Dalam sambutannya, Sekjen Kemenkeu menekankan betapa pentingnya data bagi lembaga pemerintah. Lahirnya Peraturan Presiden Nomor 39 tahun 2019 tentang Satu Data Indonesia menunjukkan arti pentingnya data dalam pelaksanaan fungsi pemerintahan. Satu Data Indonesia adalah kebijakan tata kelola data pemerintah untuk menghasilkan data yang akurat, mutakhir, terpadu, dan dapat dipertanggungjawabkan, serta mudah diakses dan dibagipakaikan antar Instansi Pusat dan Instansi Daerah, melalui pemenuhan Standar Data, Metadata, Interoperabilitas Data, dan menggunakan Kode Referensi dan Data Induk.

Hadir sebagai pembicara dalam webinar tersebut adalah Kepala LNSW M.Agus Rofiudin, Staf Ahli Bidang Pemerataan dan Kewilayahan Kementerian PPN/Bappenas Oktorialdi, Staf Khusus Menteri Keuangan Bidang Sistem Informasi dan Teknologi Bobby AA Nazief, dan pakar big data Andry Alamsyah.

Di acara itu, dibahas secara komprehensif mengenai Satu Data Indonesia (SDI) dan bagaimana penerapan Sistem Layanan Data Kementerian Keuangan dalam mendukung SDI. Staf Ahli Bidang Pemerataan dan Kewilayahan Kementerian PPN/Bappenas Oktorialdi mengungkap, di awal Agustus nanti akan ada sosialisasi terkait SDI ini. Adapun pemanfaatan SDI untuk pengambilan keputusan, ditargetkan dapat mulai berjalan pada 2023 mendatang.

Sementara itu, Staf Khusus Menteri Keuangan Bidang Sistem Informasi dan Teknologi Bobby AA Nazief membahas tentang peran Integrated (Government) Financial Management Information System dalam SDI. Dia menekankan bahwa tujuan dari SDI tidak berhenti pada pengumpulan data yang akurat, mutakhir, terpadu, dapat dipertanggungjawabnkan, serta mudah diakses dan dibagipakaikan. Tujuan akhirnya adalah agar pemerintah dapat mengambil perencanaan yang lebih baik, mengeksekusi pembangunan lebih baik, dan mengevaluasi dengan baik.

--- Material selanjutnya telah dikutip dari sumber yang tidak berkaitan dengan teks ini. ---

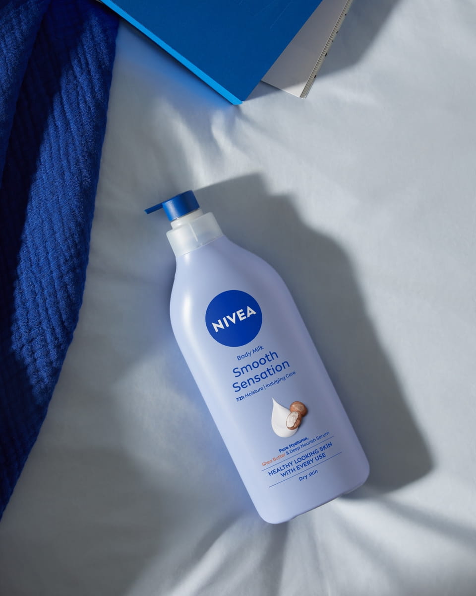 Мляко за тяло NIVEA Smooth Sensation е с подобрена формула и нов аромат. Здрава на вид кожа с всяко нанасяне. Подхранва в дълбочина до 72 ч. и оставя кожата копринено гладка на допир. С чиста хиалуронова киселина, масло от ший и дълбоко подхранващ серум. Нелепкава текстура, която се абсорбира бързо.

Di sisi lain, Andry Alamsyah yang membagikan kepakarannya dalam bidang big data, menyarankan agar SDI memanfaatkan big data analytics dengan mengintegrasikan teknologi artificial intelligence dan blockchain. Big data untuk mencari pola, artificial intelligence untuk otomatisasi, dan blockchain untuk keamanan dan keterpercayaan data. Untuk mendapatkan pola memang dibutuhkan big data, namun tidak dapat dipungkiri bahwa saat ini kita juga mengalami masalah information overload yang membuat data sulit untuk difilter dan dimanfaatkan dengan baik.

 

Hadirnya SDI merupakan angin segar yang manfaatnya tidak hanya dinantikan lembaga pemerintah dan swasta, namun juga masyarakat secara umum. Pada akhirnya sebagaimana bumi dan air dan kekayaan alam yang terkandung di dalamnya, semua data di Indonesia juga selayaknya dipergunakan untuk sebesar-besar kemakmuran rakyat.